____ Collected material
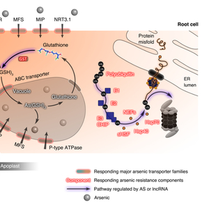 中国科学院植物研究所何振艳研究组通过单分子实时测序全长转录组、差异转录组和液泡膜蛋白质组的方法,获得了不同砷处理情况下蜈蚣草各器官的全长转录本序列、结构、注释、定位和基因表达信息。研究人员通过分析砷响应下蜈蚣草差异基因的表达情况,获得了蜈蚣草砷响应基因表达谱,并以此为基础进行了蜈蚣草砷超富集及其调控分子元件的挖掘。研究发现,蜈蚣草水通道家族(MIP)、主要协助转运蛋白超家族(MFS)、P型ATP酶家族(P-type ATPase)、硝酸盐转运家族(NRT)、亚砷酸盐外排蛋白(ACR3)以及ATP结合盒式蛋白(ATP-binding Cassette)6大类转运蛋白在蜈蚣草砷转运过程中可能起重要作用;内质网相关蛋白质降解途径ERAD和谷胱甘肽代谢途径在转录水平上与蜈蚣草砷抗性密切相关。此外,研究人员还发现lncRNA和可变剪切事件是蜈蚣草砷超富集的重要调控机制。
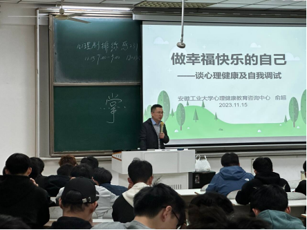 在佳山校区教三南302举办“做幸福快乐的自己——谈心理健康及自我调试”专题心理讲座,学工部副部长、心理中心主任俞超主讲,鉴黄师
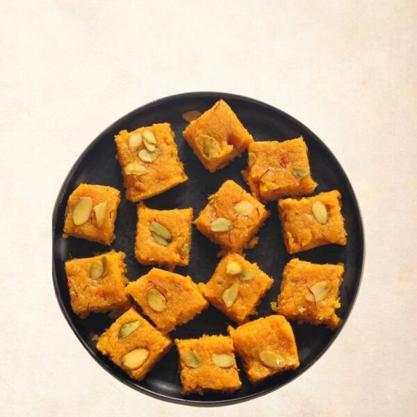 + £5Mango Coconut Barfi is a tropical twist on the classic Indian sweet, combining the richness of coconut with the vibrant sweetness of mango. This smooth, flavorful barfi offers a perfect balance of creamy coconut and the tangy-sweet essence of mango, creating a delightful treat for the senses. Ideal for festive occasions or as a refreshing indulgence!
________
# Problem requirements
Every last line above must be reproduced as written, and no pictures belong in the copy.

# Exercise output
 中国科学院植物研究所何振艳研究组通过单分子实时测序全长转录组、差异转录组和液泡膜蛋白质组的方法,获得了不同砷处理情况下蜈蚣草各器官的全长转录本序列、结构、注释、定位和基因表达信息。研究人员通过分析砷响应下蜈蚣草差异基因的表达情况,获得了蜈蚣草砷响应基因表达谱,并以此为基础进行了蜈蚣草砷超富集及其调控分子元件的挖掘。研究发现,蜈蚣草水通道家族(MIP)、主要协助转运蛋白超家族(MFS)、P型ATP酶家族(P-type ATPase)、硝酸盐转运家族(NRT)、亚砷酸盐外排蛋白(ACR3)以及ATP结合盒式蛋白(ATP-binding Cassette)6大类转运蛋白在蜈蚣草砷转运过程中可能起重要作用;内质网相关蛋白质降解途径ERAD和谷胱甘肽代谢途径在转录水平上与蜈蚣草砷抗性密切相关。此外,研究人员还发现lncRNA和可变剪切事件是蜈蚣草砷超富集的重要调控机制。
 在佳山校区教三南302举办“做幸福快乐的自己——谈心理健康及自我调试”专题心理讲座,学工部副部长、心理中心主任俞超主讲,鉴黄师
 + £5Mango Coconut Barfi is a tropical twist on the classic Indian sweet, combining the richness of coconut with the vibrant sweetness of mango. This smooth, flavorful barfi offers a perfect balance of creamy coconut and the tangy-sweet essence of mango, creating a delightful treat for the senses. Ideal for festive occasions or as a refreshing indulgence!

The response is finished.